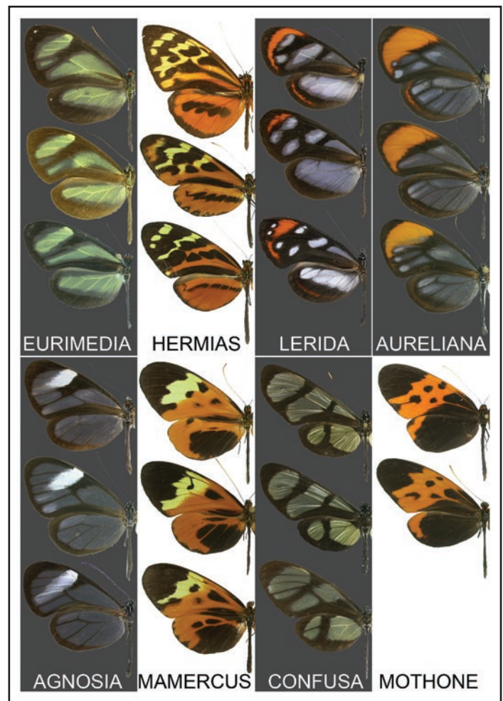
Figure 1. The eight mimicry rings of the study community, illustrated by several species (eurimedia: Ithomia salapia , Pteronymia primula , Napeogenes inachia ; hermiias: Tithorea harmonia , Mechanitis polymnia , Melinaea satevis ; lerida: Oleria gunilla , O. onega , Hyposcada illinissa ; aureliana: Pseudoscada florula , Napeogenes sylphis , Hypoleria lavinia ; agnosia: I. agnosia , Heterosais nephele , Pseudoscada timna ; mamercus: Hypothyris mamercus , N. larina , H. moebiusi ; confusa: Methona confusa , M. curvifascia , Callithomia lenea ; mothone: Melinaea marsaeus , Mechanitis mesenoides ). Species with transparent wings are presented against a dark background.

Considering positive interaction might lead to novel interpretations of existing data sets. For example, if mutualistic species tend
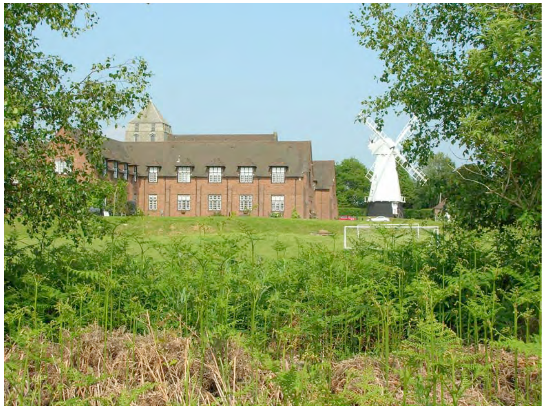
St George's and the Windmill, viewed from the footpath to the west
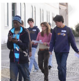
Figure 2: Geopaper activity during GIS Day2007.

One of the first activities of the ConTIG project was the celebration of GIS Day in the ISEGI-UNL campus in November 14 th 2007, showing how GIT works and some of its possibilities. Students and teachers from both partner schools were present to meet each other and got to do a hands-on activity with GPS and GIS technologies. The activity consisted on a Geopaper on the ISEGI-UNL campus. The students had to find clues with the help of a GPS receiver and ESRI's ArcPad ® technology (Figure 2 and Figure 3).
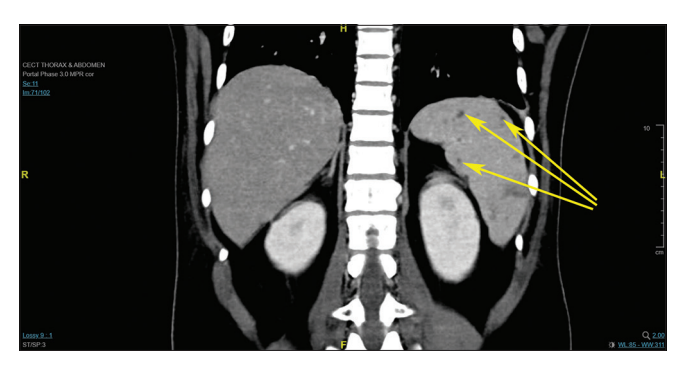
Figure 2: Coronal reconstruction of the CECT abdomen showing numerous small hypodense non-enhancing lesions scattered throughout the spleen (yellow arrows), the largest measuring 2.2x1cm in the lower pole, extending up to the subcapsular region
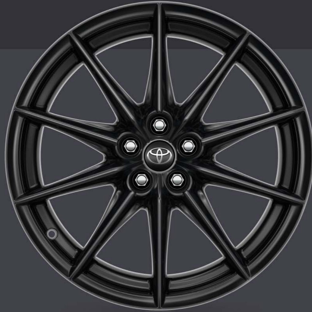
18" Black alloy wheels (10-spoke)
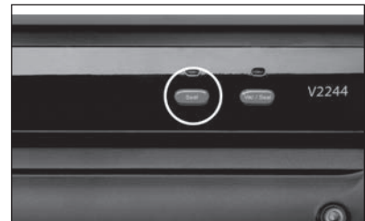
Press Seal Button
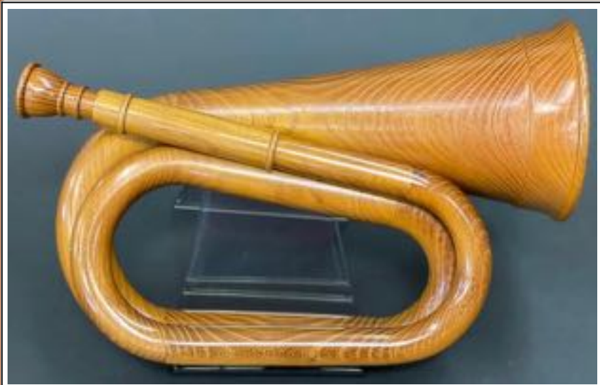
Derek Kerwood's beautifully crafted, playable bugle
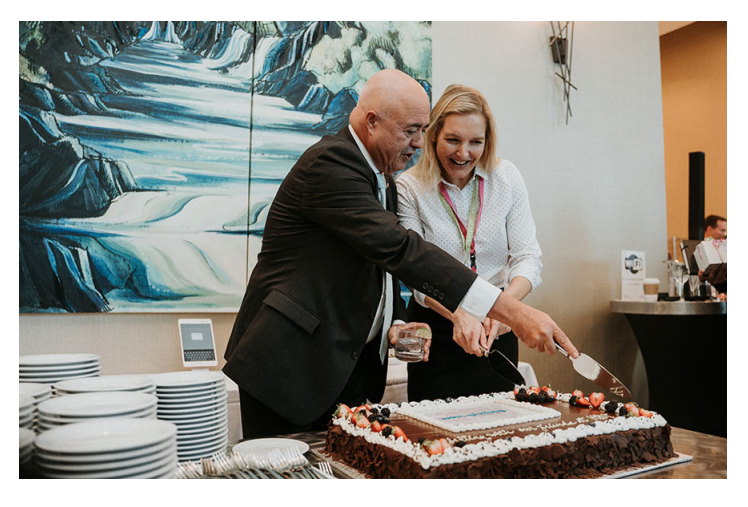
With the generous support of HBT, we organized an energetic and well-attended reception to celebrate our 25th year anniversary.
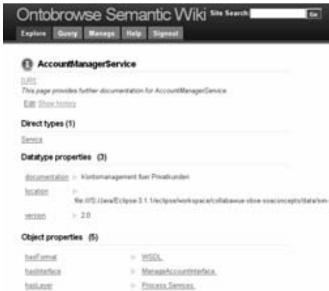
Figure 2: An individual object in Ontobrowse

Ontobrowse addresses key issues in the documentation and maintenance of software architectures. Previously, the different views of an architectural instance were maintained in separate information spaces. The semantic wiki enables the integration of both business-oriented and technical knowledge, thus serving as a single point of information for all stakeholders. Due to the underlying formal representation based on ontologies, searching and querying can be significantly improved. At the same time, the plugin infrastructure makes it possible to integrate knowledge from external sources. Architectural descriptions such as service specifications in two different formats can be mapped to the same ontology. Finally, the conceptual structure is modular so that additional ontologies can be added at any time, e.g. to describe the organizational structure. These extension features are particularly important in distributed development settings (cf. [Cock96]), where the participants have to share their knowledge with other developers.
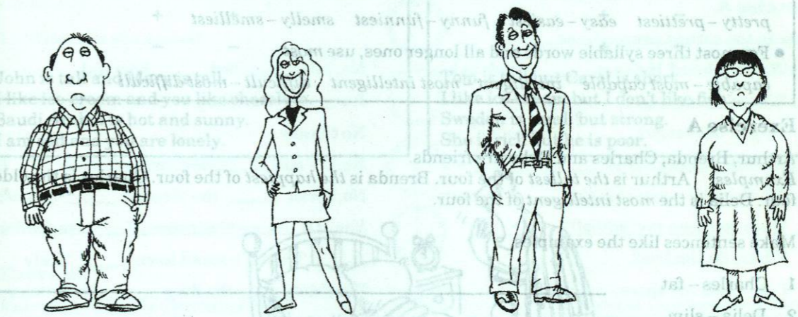
Mr Adams A Miss Brookes B Mr Church C Ms Dangerfield D

Examples: Mr Adams is older than Miss Brookes. Miss Brookes is prettier than Ms Dangerfield. Ms Dangerfield is more intelligent than Miss Brookes. Mr Church is more handsome than Mr Adams.
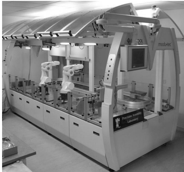
Fig. 3. The precision assembly demonstrator (PAD)

This system has been implemented in a real precision assembly demonstrator (PAD, shown in Fig. 3 ) at the University of Nottingham. The demonstrator is designed to assemble interior hinges from the automotive industry. Each product is defined by a recipe file that indicates the détente force – achieved by the configuration of ball-spring pairs added to the hinge. Because each hinge produced by the system could be unique, these recipe files are a way to formalise the batch-size of one requirements in the system.
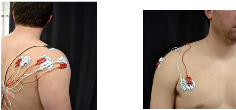
Figure 5. Electrode Placements

will be used to record surface EMG activity. The electrodes will be placed over four muscles: the middle and posterior deltoid, the infraspinatus, and the sternal part of the pectoralis major. The locations of the electrodes will be over the central portion of the muscle bellies. 97 For the middle deltoid, the electrodes will be positioned 3 cm below the acromion process over the muscle mass on the lateral upper arm. For the posterior deltoid, 2 cm inferior to the lateral border of the scapular spine, and the electrodes will be angled parallel to the muscle fibers. For the infraspinatus, the electrodes will be positioned 4 cm inferior and parallel to the scapular spine on the lateral aspect over the infrascapular fossa. For the sternal part of the pectoralis major, the electrodes will be placed horizontally on the chest wall over the middle part of the pectoralis major, 2 cm from the axillary fold. A ground electrode will be positioned over the acromion process on the same side of shoulder. The same tester will place the electrodes on all subjects in order to maintain consistency (Figure 5).
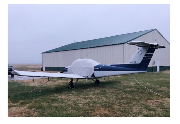
Beech Skipper Extended Canopy Cover, Wing & Horiz. Stab. Covers

WINTER USE MATERIAL - Made with Solution-Dyed Polyester fabric, this option is intended for seasonal use to aid in deicing, rain mitigation, or for occasional travel. The material is lighter and more compact, but more susceptible to UV damage and may have a shorter useful life if used continuously outside than the all-year use material.
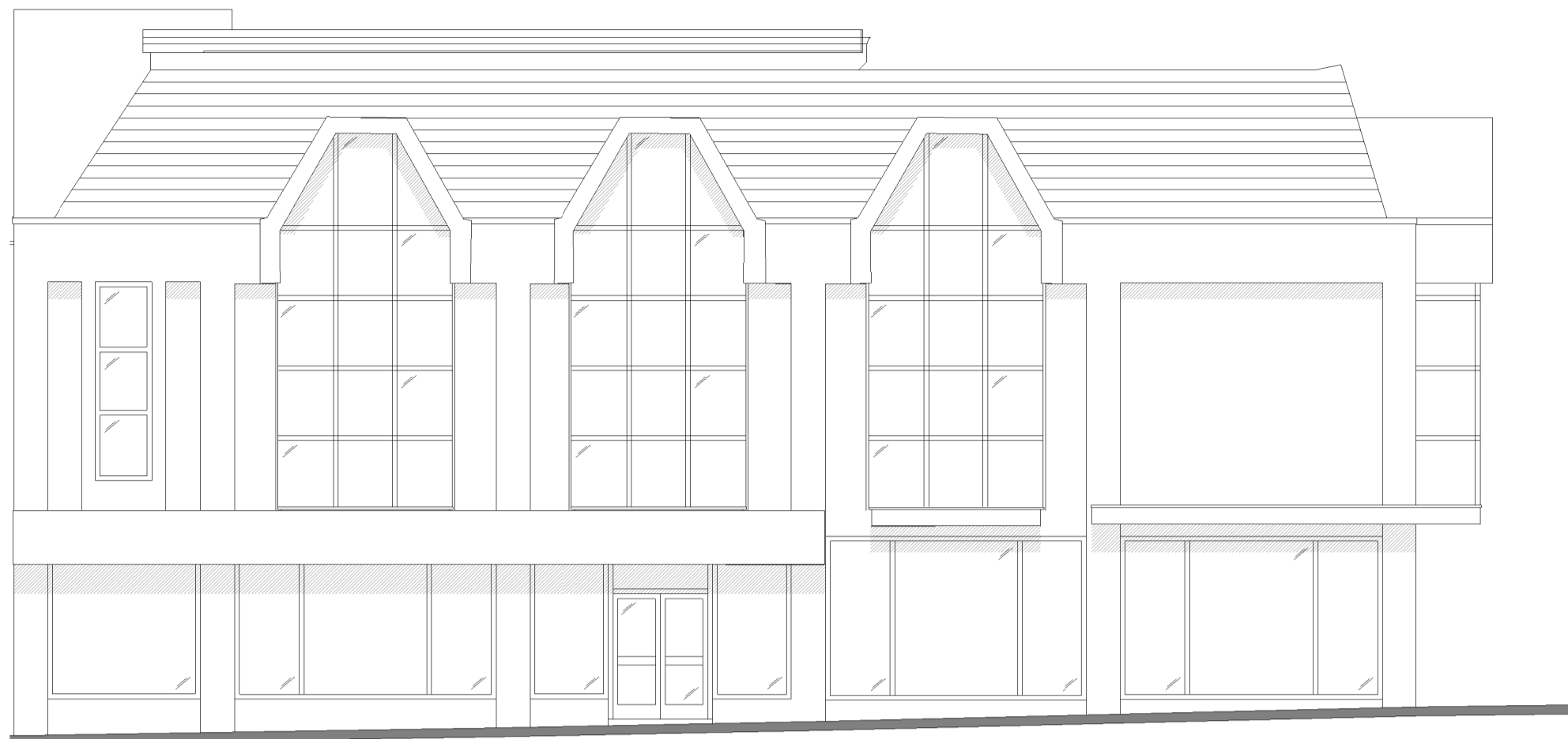
① Proposed Elevation - North 1 : 100
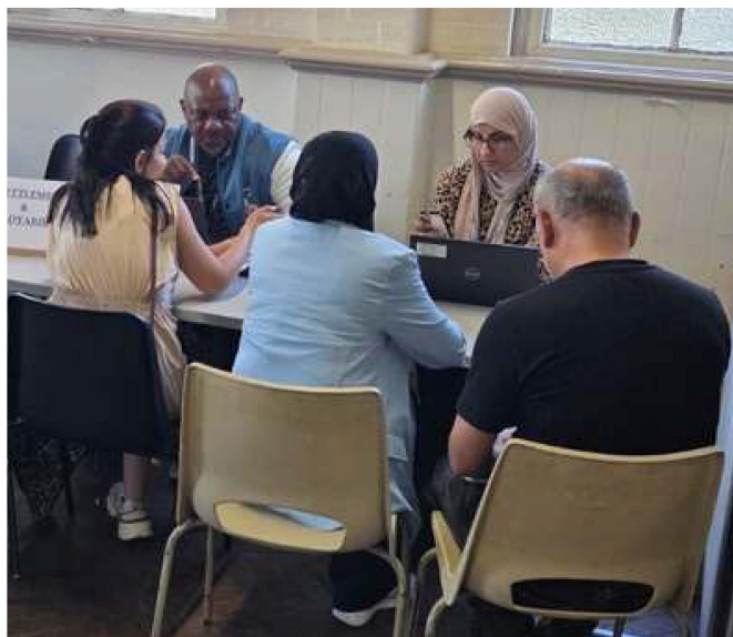
The Sanctuary Eastbourne
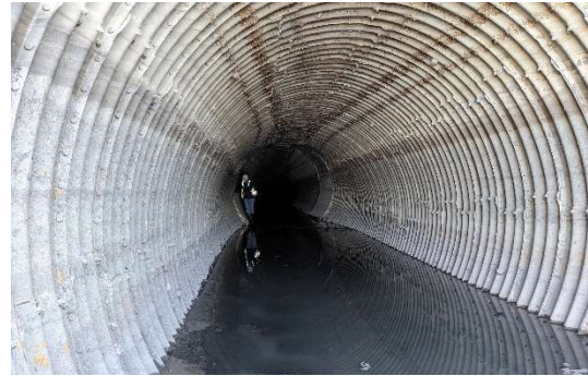
Photo 14: Roland Outfall – emergency repair/slip joint (photo taken looking upstream from outlet)

********************

### What is being asked
A verbatim copy of the entries, without the pictures, is what this task requires.

### Answer to this task
Figure 1. The eight mimicry rings of the study community, illustrated by several species (eurimedia: Ithomia salapia , Pteronymia primula , Napeogenes inachia ; hermiias: Tithorea harmonia , Mechanitis polymnia , Melinaea satevis ; lerida: Oleria gunilla , O. onega , Hyposcada illinissa ; aureliana: Pseudoscada florula , Napeogenes sylphis , Hypoleria lavinia ; agnosia: I. agnosia , Heterosais nephele , Pseudoscada timna ; mamercus: Hypothyris mamercus , N. larina , H. moebiusi ; confusa: Methona confusa , M. curvifascia , Callithomia lenea ; mothone: Melinaea marsaeus , Mechanitis mesenoides ). Species with transparent wings are presented against a dark background.

Considering positive interaction might lead to novel interpretations of existing data sets. For example, if mutualistic species tend
St George's and the Windmill, viewed from the footpath to the west
Figure 2: Geopaper activity during GIS Day2007.

One of the first activities of the ConTIG project was the celebration of GIS Day in the ISEGI-UNL campus in November 14 th 2007, showing how GIT works and some of its possibilities. Students and teachers from both partner schools were present to meet each other and got to do a hands-on activity with GPS and GIS technologies. The activity consisted on a Geopaper on the ISEGI-UNL campus. The students had to find clues with the help of a GPS receiver and ESRI's ArcPad ® technology (Figure 2 and Figure 3).
Figure 2: Coronal reconstruction of the CECT abdomen showing numerous small hypodense non-enhancing lesions scattered throughout the spleen (yellow arrows), the largest measuring 2.2x1cm in the lower pole, extending up to the subcapsular region
18" Black alloy wheels (10-spoke)
Press Seal Button
Derek Kerwood's beautifully crafted, playable bugle
With the generous support of HBT, we organized an energetic and well-attended reception to celebrate our 25th year anniversary.
Figure 2: An individual object in Ontobrowse

Ontobrowse addresses key issues in the documentation and maintenance of software architectures. Previously, the different views of an architectural instance were maintained in separate information spaces. The semantic wiki enables the integration of both business-oriented and technical knowledge, thus serving as a single point of information for all stakeholders. Due to the underlying formal representation based on ontologies, searching and querying can be significantly improved. At the same time, the plugin infrastructure makes it possible to integrate knowledge from external sources. Architectural descriptions such as service specifications in two different formats can be mapped to the same ontology. Finally, the conceptual structure is modular so that additional ontologies can be added at any time, e.g. to describe the organizational structure. These extension features are particularly important in distributed development settings (cf. [Cock96]), where the participants have to share their knowledge with other developers.
Mr Adams A Miss Brookes B Mr Church C Ms Dangerfield D

Examples: Mr Adams is older than Miss Brookes. Miss Brookes is prettier than Ms Dangerfield. Ms Dangerfield is more intelligent than Miss Brookes. Mr Church is more handsome than Mr Adams.
Fig. 3. The precision assembly demonstrator (PAD)

This system has been implemented in a real precision assembly demonstrator (PAD, shown in Fig. 3 ) at the University of Nottingham. The demonstrator is designed to assemble interior hinges from the automotive industry. Each product is defined by a recipe file that indicates the détente force – achieved by the configuration of ball-spring pairs added to the hinge. Because each hinge produced by the system could be unique, these recipe files are a way to formalise the batch-size of one requirements in the system.
Figure 5. Electrode Placements

will be used to record surface EMG activity. The electrodes will be placed over four muscles: the middle and posterior deltoid, the infraspinatus, and the sternal part of the pectoralis major. The locations of the electrodes will be over the central portion of the muscle bellies. 97 For the middle deltoid, the electrodes will be positioned 3 cm below the acromion process over the muscle mass on the lateral upper arm. For the posterior deltoid, 2 cm inferior to the lateral border of the scapular spine, and the electrodes will be angled parallel to the muscle fibers. For the infraspinatus, the electrodes will be positioned 4 cm inferior and parallel to the scapular spine on the lateral aspect over the infrascapular fossa. For the sternal part of the pectoralis major, the electrodes will be placed horizontally on the chest wall over the middle part of the pectoralis major, 2 cm from the axillary fold. A ground electrode will be positioned over the acromion process on the same side of shoulder. The same tester will place the electrodes on all subjects in order to maintain consistency (Figure 5).
Beech Skipper Extended Canopy Cover, Wing & Horiz. Stab. Covers

WINTER USE MATERIAL - Made with Solution-Dyed Polyester fabric, this option is intended for seasonal use to aid in deicing, rain mitigation, or for occasional travel. The material is lighter and more compact, but more susceptible to UV damage and may have a shorter useful life if used continuously outside than the all-year use material.
① Proposed Elevation - North 1 : 100
The Sanctuary Eastbourne
Photo 14: Roland Outfall – emergency repair/slip joint (photo taken looking upstream from outlet)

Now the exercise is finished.